Background: Mycobacterium vaccae, an environmental saprophyte, has immunogenic properties that enhance the host immune response. Immunotherapy with M. vaccae has been suggested to shorten short-course antituberculosis chemotherapy. We tested the hypothesis that the addition of M. vaccae to standard short-course antituberculosis chemotherapy would decrease the time to achieve a negative sputum culture.
Methods: Patients with newly diagnosed tuberculosis were randomly assigned an injection of saline (placebo) or M. vaccae on day 8. All patients received antituberculosis chemotherapy with rifampicin, isoniazid, pyrazinamide, and ethambutol.

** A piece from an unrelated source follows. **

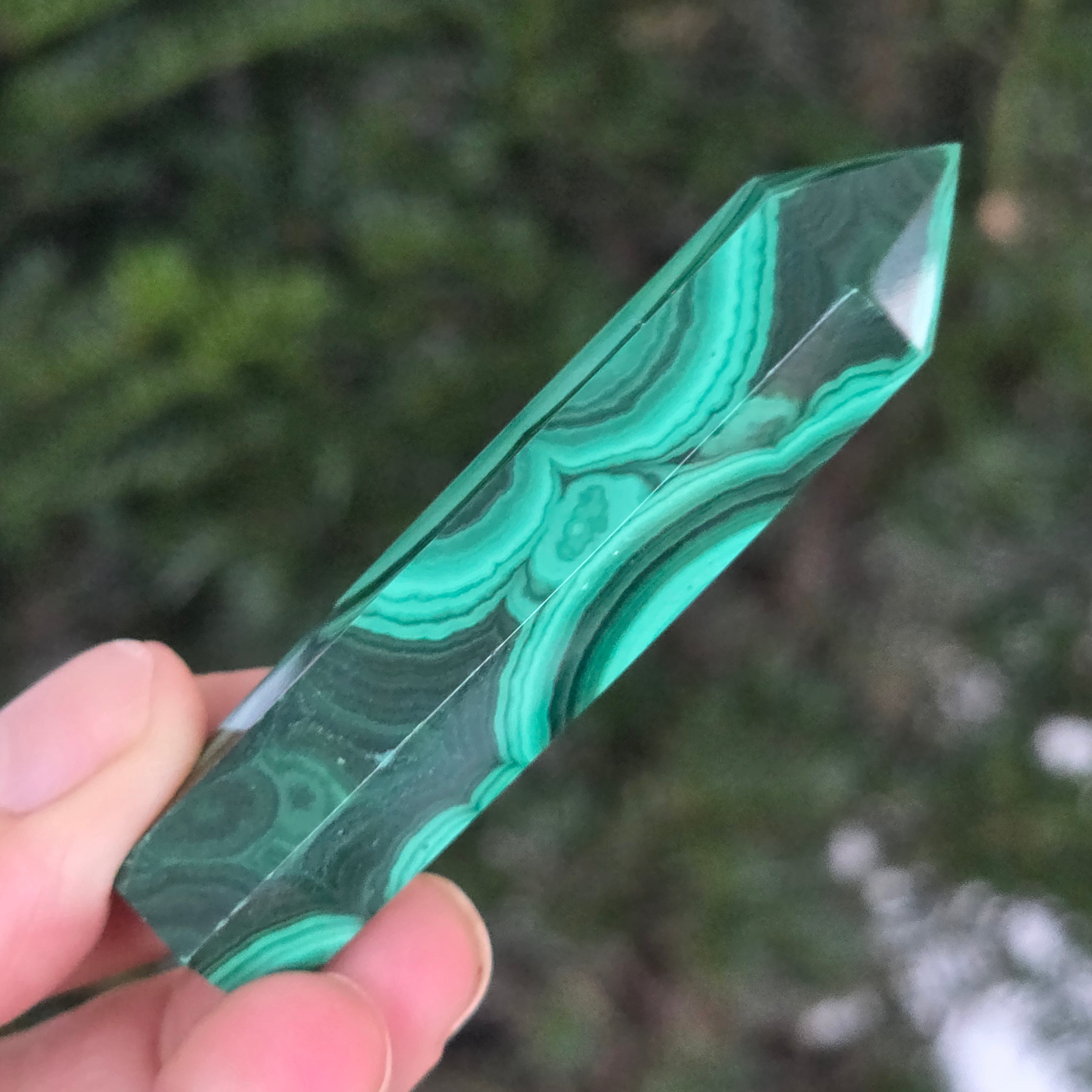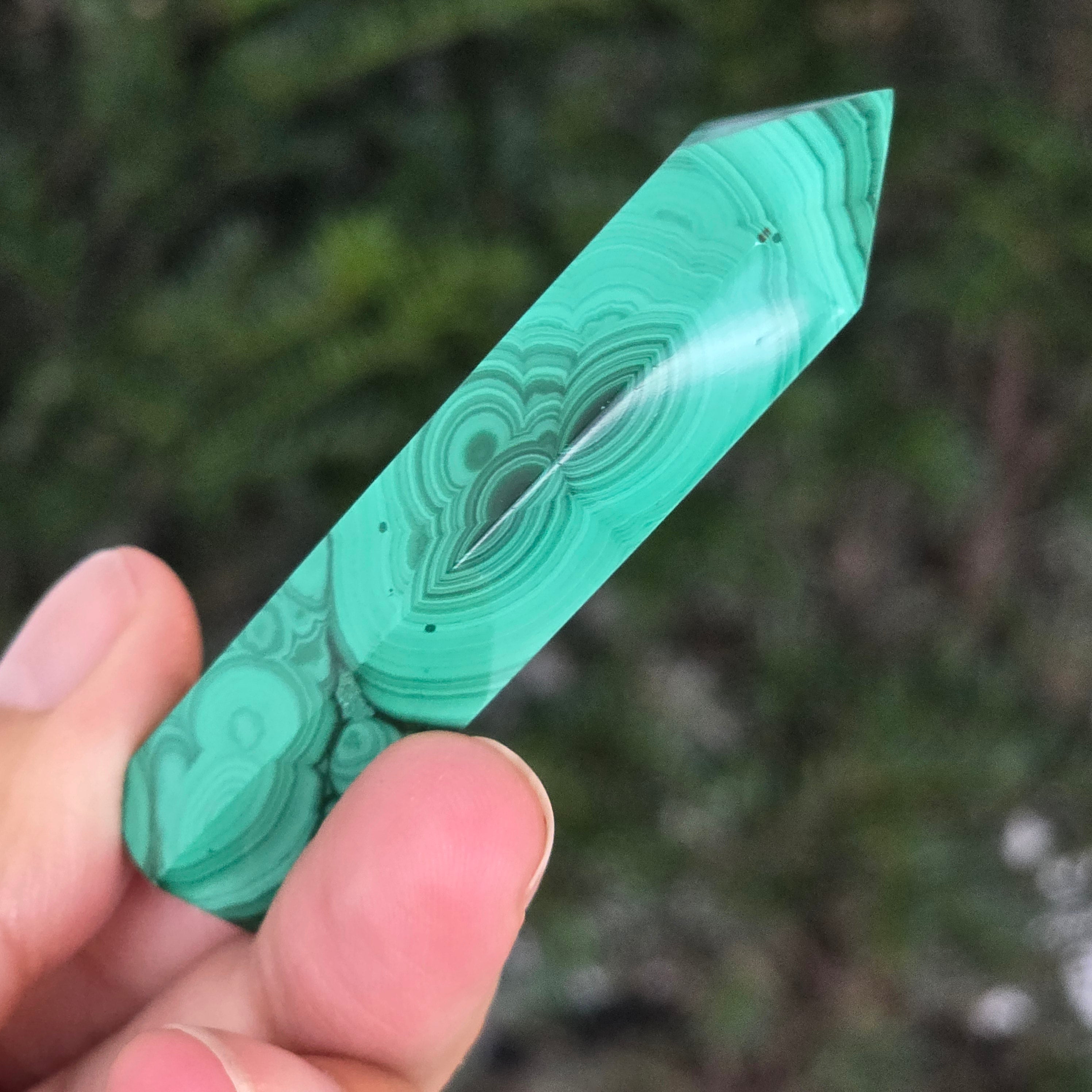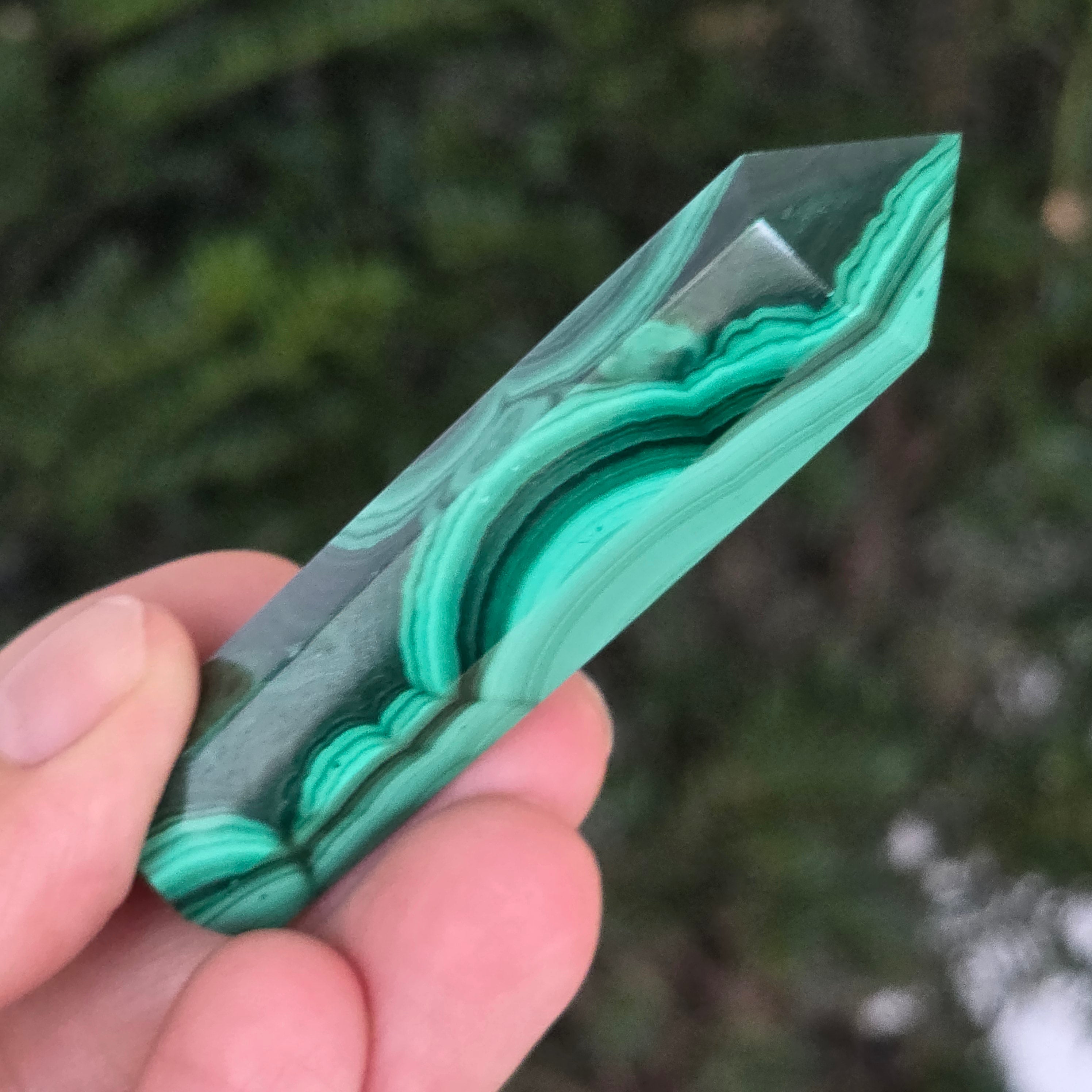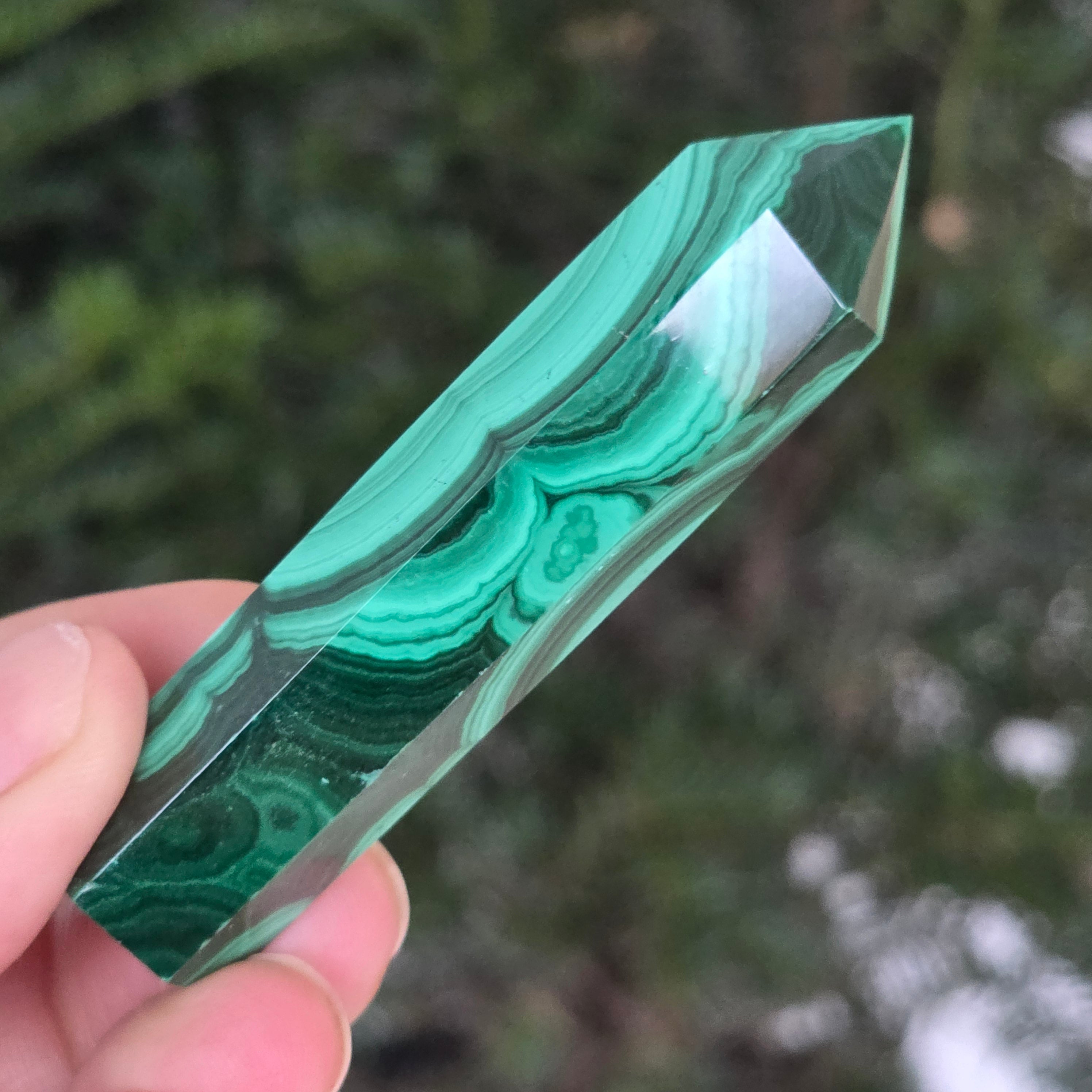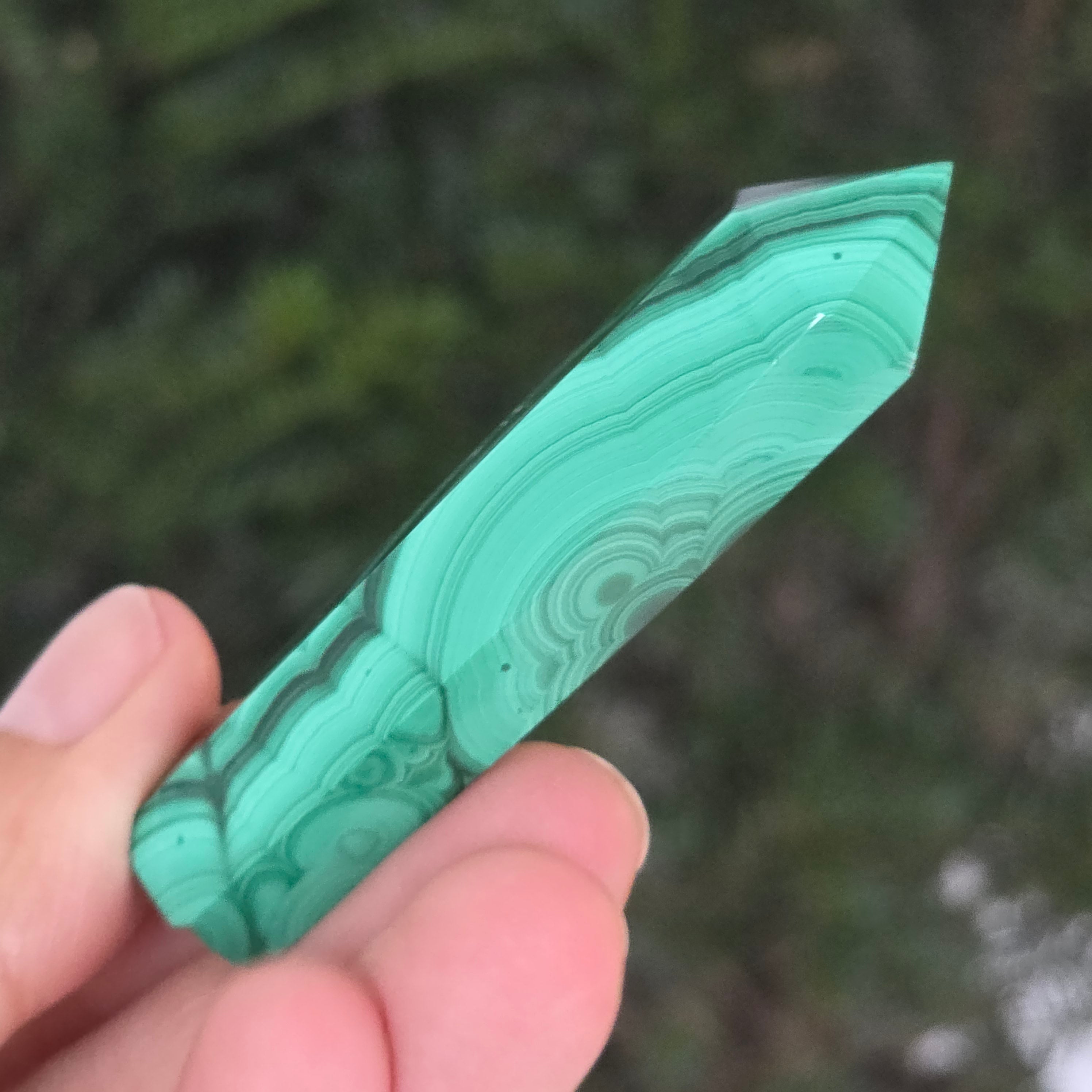 Olyan obeliszk, amely mintha életre kelt volna a bolygó zöld mélységeiből. Ez az egyedülálló darab természetes malachitbólelbűvölő smaragd zöld, sötétzöld és selymes jáde árnyalatokat tár fel, amelyek egyedi koncentrikus mintákba rendeződnek, mint a belső energiák térképei. Kézzel polírozva, bársonyos fényűre, az obeliszk mély ásványi eleganciát sugároz.

Sputum samples were checked by microscopy and culture every week for the first 8 weeks and monthly until the end of chemotherapy at 6 months. The primary outcome was the time to a negative sputum culture in the first 8 weeks. Intention-to-treat analysis was used and time to sputum clearance was assessed by log-rank test and Cox's proportional-hazards regression.
Findings: 172 patients received M. vaccae and 175 patients received placebo. At 8 weeks, 70 patients in the M. vaccae group and 65 patients in the placebo group had a negative culture; there was no difference between groups in the time to a negative culture (p=0.83). There was no interaction between HIV status and treatment.
Interpretation: M. vaccae immunotherapy has no benefit when added to standard antituberculosis chemotherapy.